In New Hampshire, I had the chance to question Bradley on U.S. policy towards
Iraq. This disastrous policy has resulted in the expulsion of the U.S.
spy-ridden weapons inspection team, and economic sanctions, through lack
of nutrition, medical supplies, and civilian infrastructure, have killed
over 500,000 Iraqi children, according to the United Nations. Bradley refused
to answer my question about Iraq. He has said elsewhere, however, that
“It is vital to ensue [sic] that the control regime that is in place, whether
sanctions, inspections, or some new mix, is effective and enjoys widespread
support” (Iowa STAR PAC questionnaire).



On many other foreign policy issues, we see a Bradley policy in lock-step
with the Reagan/Bush/Clinton administrations. Bradley was a big supporter
of the murderous Contra groups in Central America (CounterPunch). Bradley
believes that “normal U.S.-Cuban relations will not be possible” without
a change in the Cuban regime and supports “measures to keep pressure on
Castro.” He also promises to maintain American empire-building through
a “robust military presence” in Europe and in many other parts of the globe,
a strong NATO, and government subsidized weapons sales to foreign nations
as “essential elements of U.S. national security policy” (Iowa STAR PAC
questionnaire). Bradley’s ideas sound like a Reagan foreign policy speech
and not like a candidate who recognizes the enormous opportunities for
de-militarization and international cooperation afforded by the end of
the Cold War.



So how has Bradley won the support of many progressives, from Minnesota
Senator Paul Wellstone to the editor of The Nation, from Friends of the
Earth to Cornell West? Bradley is seen by many as a candidate that progressives
don’t have to be embarrassed to vote for. This is hard to explain, because
even the mainstream press has acknowledged that Bradley’s and Gore’s platforms
are remarkably similar. Maybe pro-Bradley sentiment results from the same
fever that infected and co-opted many progressives in 1992, the idea that
a centrist establishment politician would somehow become a fighter for
progressive causes if we let him run the White House.

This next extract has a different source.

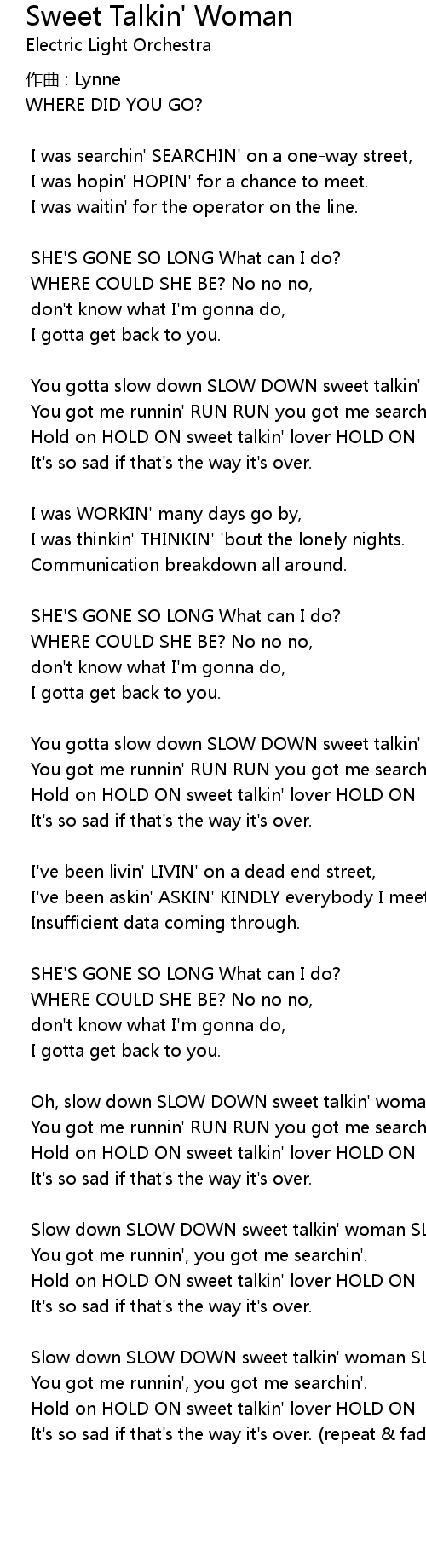 | Slow down SLOW DOWN sweet talkin' woman SLOW DOWN | |

Rather than sell out, once again, for the lesser of two evils, progressives
must support candidates they truly believe in. One can endorse nobody or
vote for None of the Above. A None of the Above majority would compel all
candidates on the ballot to be thrown off and a new election held.

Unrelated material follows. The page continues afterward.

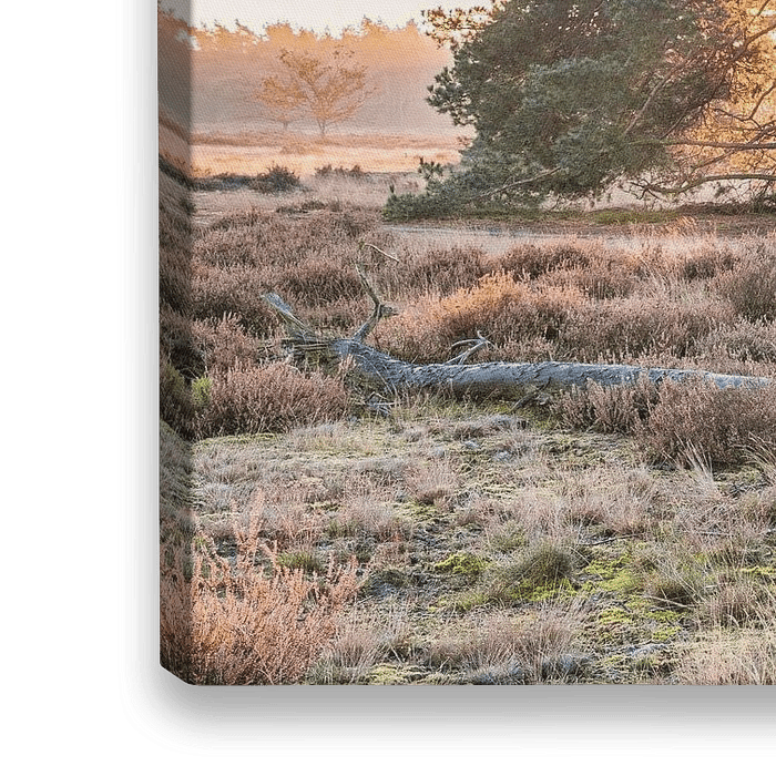 Ein frischer Morgen auf der Heide, die Sonne scheint durch den einsamen Baum. Ein schönes Stimmungsfoto, das sich gut an der Wand machen würde!

The consequences of breaking with Democratic presidential candidates are
not small, but consider exactly what endorsing Clinton has won for progressives.
Of course, many are afraid that not supporting Democrats will mar them
with the label of having helped George W. Bush win. But I’d be more worried
about the stigma of supporting a continuance of Clinton’s eight years of
welfare repeal, massive increases in Pentagon spending, bombing of Sudanese
pharmaceutical plants, the creation of the WTO, and on and on.

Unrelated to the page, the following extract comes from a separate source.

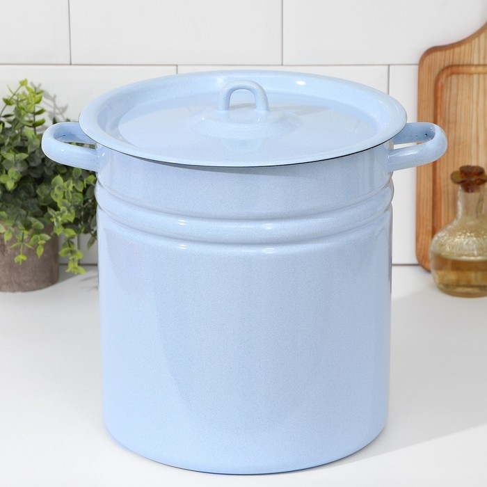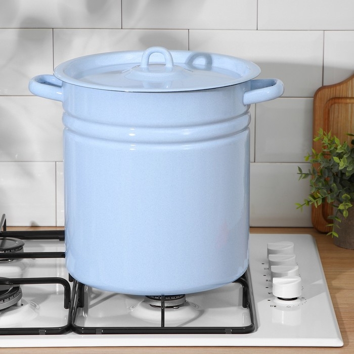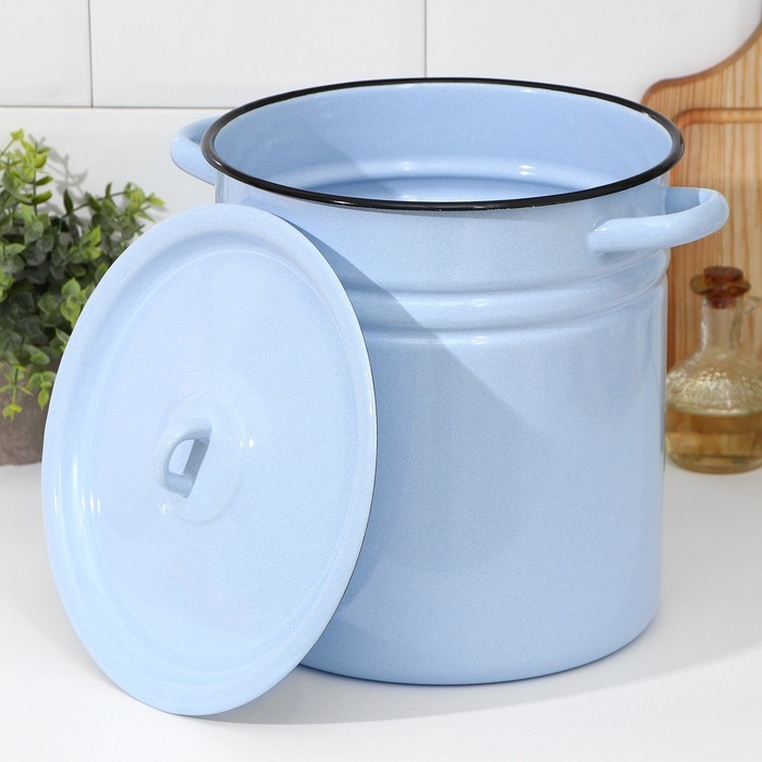 Кастрюля эмалированная, 12 л, металлическая крышка, индукция, цвет серо-голубой

Progressives must stop wandering in the wilderness of Wall Street Democrats
and recognize that they are in a long-term struggle for social, economic,
and environmental justice. This will not be won in the next election, or
probably in the next three or four elections, but the sooner they support
progressive candidates, the sooner they’ll get there.
                   Z






Martin Thomas is co-author of the
Green Guide to Cars and Trucks and on
the steering committee of the DC Statehood Green Party.